WHAT YOU NEED TO DO: Images should not appear in the copy, yet every line of the listing below must be printed exactly.

SOURCE DATA:
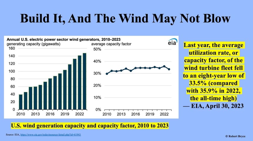 Um, yes. It would. And the EIA made that point in its usual dry language. “Generation from wind turbines decreased for the first time since the mid-1990s in 2023 despite the addition of 6.2 GW of new wind capacity last year,” the agency reported. The EIA also explained that the capacity factor for America’s wind energy fleet, also known as the average utilization rate, “fell to an eight-year low of 33.5%.” That compares to 35.9% capacity factor in 2022 which was the all-time high. The report continued, “Lower wind speeds than normal affected wind generation in 2023, especially during the first half of the year when wind generation dropped by 14% compared with the same period in 2022.”
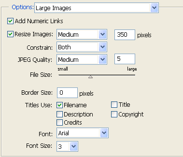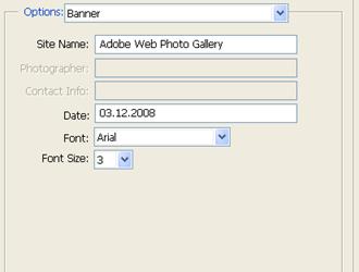 Погляньте на нижню частину діалогового вікна Web Photo Gallery , де розташовуються настройки розділу Options (Параметри). У списку, що розкривається, є декілька пунктів можливих настройок, які ми і розглянемо.
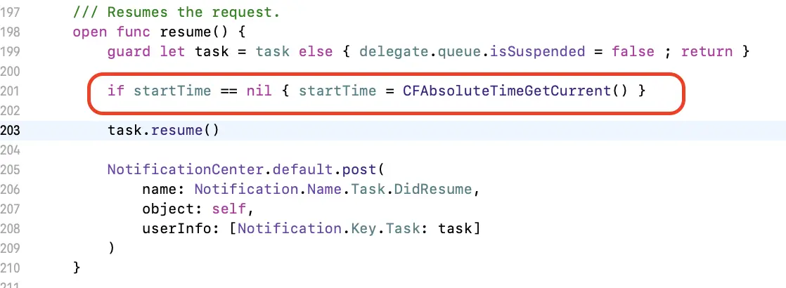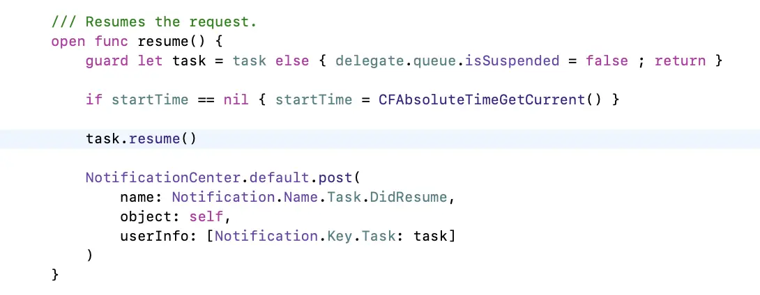 你会发现这里是request.resume(),然而正常情况下不应该是task.resume()吗🙅♀️,由此可知,在这里的request.resume()方法内部必然保存了task.resume()方法。跟进去看下:

YOUR SOLUTION:
 Um, yes. It would. And the EIA made that point in its usual dry language. “Generation from wind turbines decreased for the first time since the mid-1990s in 2023 despite the addition of 6.2 GW of new wind capacity last year,” the agency reported. The EIA also explained that the capacity factor for America’s wind energy fleet, also known as the average utilization rate, “fell to an eight-year low of 33.5%.” That compares to 35.9% capacity factor in 2022 which was the all-time high. The report continued, “Lower wind speeds than normal affected wind generation in 2023, especially during the first half of the year when wind generation dropped by 14% compared with the same period in 2022.”
 Погляньте на нижню частину діалогового вікна Web Photo Gallery , де розташовуються настройки розділу Options (Параметри). У списку, що розкривається, є декілька пунктів можливих настройок, які ми і розглянемо.
 你会发现这里是request.resume(),然而正常情况下不应该是task.resume()吗🙅♀️,由此可知,在这里的request.resume()方法内部必然保存了task.resume()方法。跟进去看下:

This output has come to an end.